Starting sometime this fall, there will be floating cranes digging sediment from the river and depositing it into barges, according to DEC spokeman Sean Mahar. The waste will then be shipped to a hazardous waste disposal site.

The project is being paid for by BASF Corp., which operated the factory before it was knocked down in 2010 after 117 years in business, according to DEC. The factory had discharge pipes that emptied into the river.

BASF will begin the project this month by installing more than 500 feet of new steel bulkhead to toughen a seawall along the river. Later this summer, dredging will begin and is expected to cover about five acres along the riverfront at the Port of Rensselaer.

Another seven acres of lesser-polluted river bottom will be monitored by BASF and DEC to see if chemicals are spreading.
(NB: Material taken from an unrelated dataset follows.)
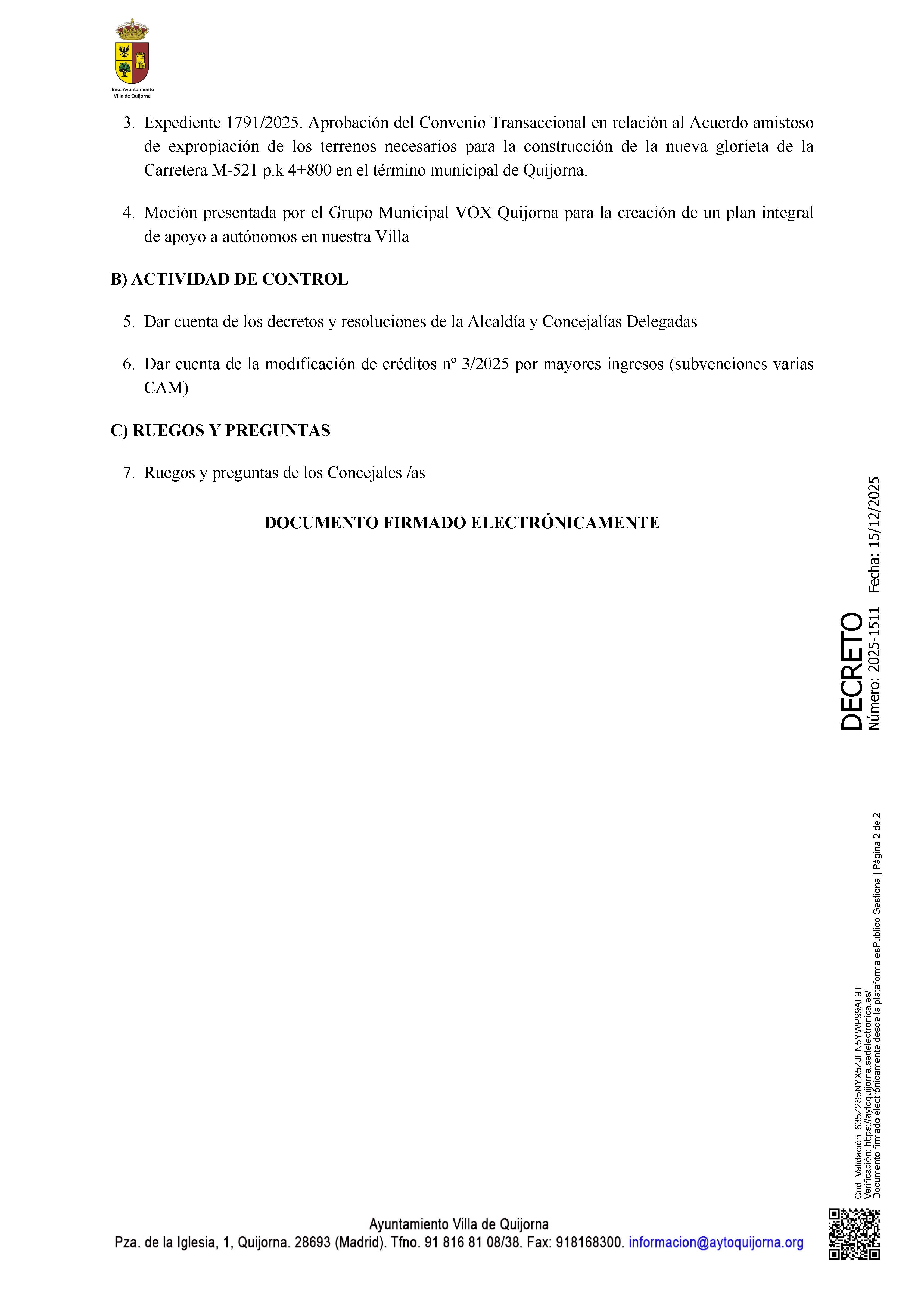 CONVOCATORIA PLENO EXTRAORDINARIO.Orden del día del Pleno previsto para el jueves, 18 de diciembre, a las 18.25 horas, en el Salón de sesiones de la casa Consistorial.

PCBs found in that part of the river did not come from BASF, which did not use the chemical during its production, but other hazardous compounds now on the bottom did. PCB levels in that part of the river reached up to 270 parts per million. The safety standard is 1 ppm.

DEC wants dredging in the river to also remove volatile organics, and toxic heavy metals like lead, cadmium, copper, mercury, zinc and arsenic that got into the river from several production sewer and storm water discharge pipes.

BASF signed an agreement with DEC in 2010 to clean up the 75-acre plant and a 35-acre site to the south. BASF tests of the site found no evidence that pollution was migrating through soil or groundwater to surrounding properties.